Restore it anywhere except root and it would create ./etc/httpd in that location.

 

# tar -czvf resolv.conf-_backup.tar.gz ./etc/resolv.conf

# cd /tmp

# tar -xzvf /resolv.conf-_backup.tar.gz

# cd etc/

# ls -l
total 4
-rw-r--r--. 1 root root 97 Oct 16 18:23 resolv.conf

# pwd
/tmp/etc

I did not know Linux tar removed / from the path. This was my safe bet moving across different systems Linux to AIX using find | backup or tar commands. Thanks @ricardodacosta for sharing the knowledge pearl..

 

 

 

 

Certification ID: 111-010-393
Chetan_Tiwary_
Community Manager
Community Manager
  • 20 Views

@Ravi_Shanker 

When you use the tar command, it usually keeps things safe by converting absolute paths (like /etc/config/file.txt) into relative paths (just etc/config/file.txt).

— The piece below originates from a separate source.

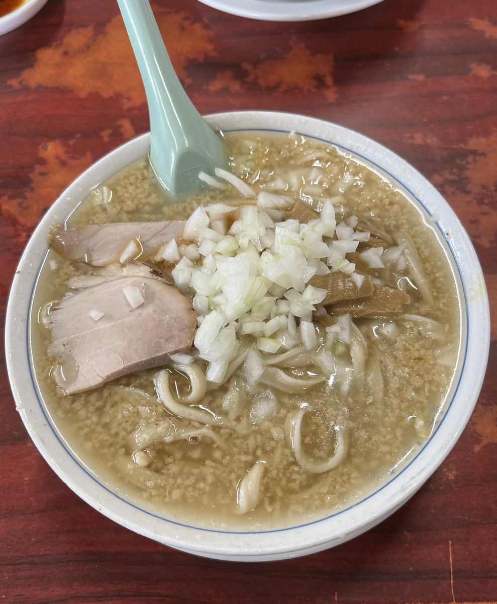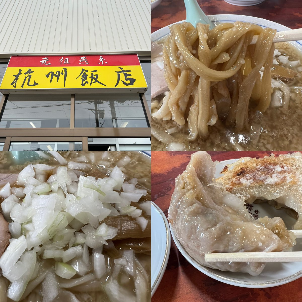 杭州飯店🍜燕三条 中華そば 玉ネギ増 餃子2つ お盆休み遠征1軒目 約二年半ぶりの訪問♪♪ 相変わらず背脂たっぷりギットリのスープが美味しすぎる〜😍⤴️⤴️ そしてこの麺が堪らなくウマいっす💓 餃子はびっくりする位の大きさ🥟✨ あ〜新潟に来て良かった〜🤤 ご馳走様でした🙏 さて次へ〜♬
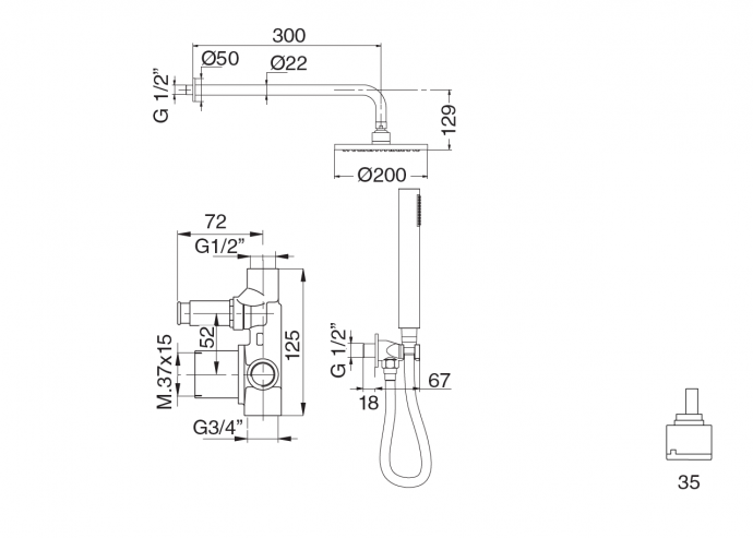 • Rociador orientable anticalcáreo ABS de 20 cm.

This is a good default behavior because when you extract the archive later, the files drop into your current directory instead of overwriting files in their original, system-wide locations.

If you specifically need the files to be extracted back to their exact, original root locations, you must tell tar to keep those absolute paths. You do this by using the --absolute-names (or the shorter -P) option when you create the archive.